SOURCE MATERIAL
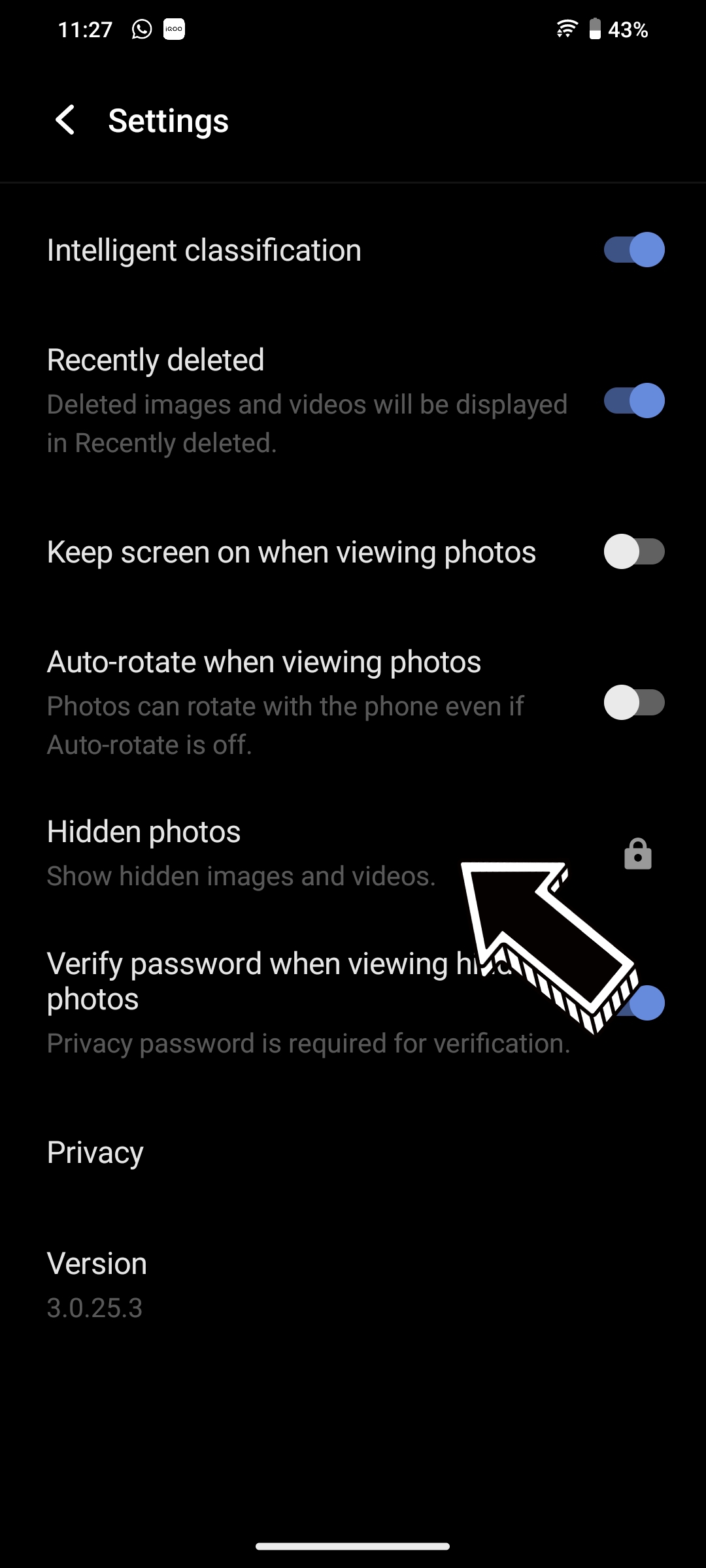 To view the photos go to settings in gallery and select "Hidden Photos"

--

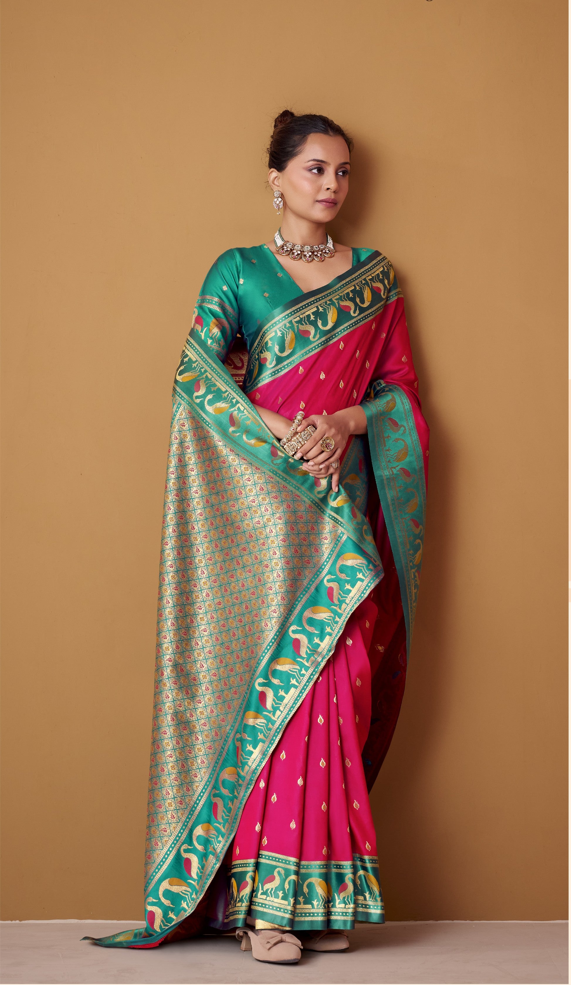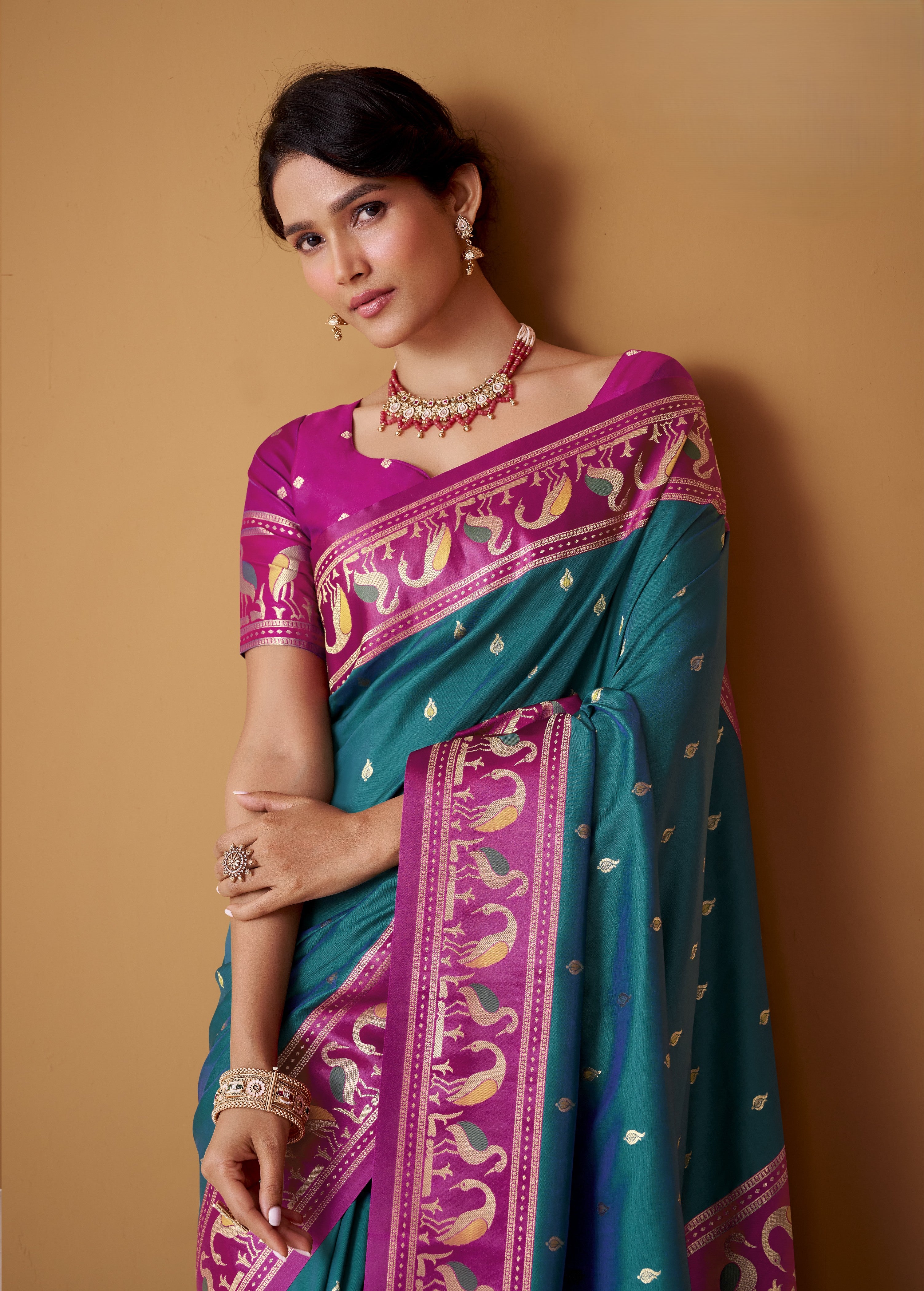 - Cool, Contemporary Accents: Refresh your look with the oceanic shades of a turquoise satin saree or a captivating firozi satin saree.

---

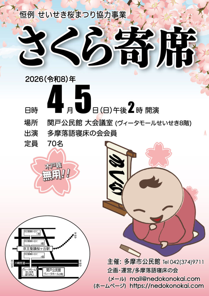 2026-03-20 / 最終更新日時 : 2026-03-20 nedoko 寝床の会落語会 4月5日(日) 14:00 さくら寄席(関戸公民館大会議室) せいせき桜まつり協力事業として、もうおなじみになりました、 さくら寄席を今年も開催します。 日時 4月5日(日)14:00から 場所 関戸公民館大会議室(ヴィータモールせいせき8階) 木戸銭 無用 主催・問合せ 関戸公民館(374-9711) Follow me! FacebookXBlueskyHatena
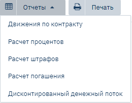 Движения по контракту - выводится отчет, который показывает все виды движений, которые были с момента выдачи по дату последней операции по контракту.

WHAT YOU HAVE TO DO
Would you set down only the lines above from the line with "2026-03-20 / 最終更新日時" to the line with "Движения по контракту", both included, exactly as they stand and without the pictures?

OUTPUT FOR THIS TASK
 2026-03-20 / 最終更新日時 : 2026-03-20 nedoko 寝床の会落語会 4月5日(日) 14:00 さくら寄席(関戸公民館大会議室) せいせき桜まつり協力事業として、もうおなじみになりました、 さくら寄席を今年も開催します。 日時 4月5日(日)14:00から 場所 関戸公民館大会議室(ヴィータモールせいせき8階) 木戸銭 無用 主催・問合せ 関戸公民館(374-9711) Follow me! FacebookXBlueskyHatena
 Движения по контракту - выводится отчет, который показывает все виды движений, которые были с момента выдачи по дату последней операции по контракту.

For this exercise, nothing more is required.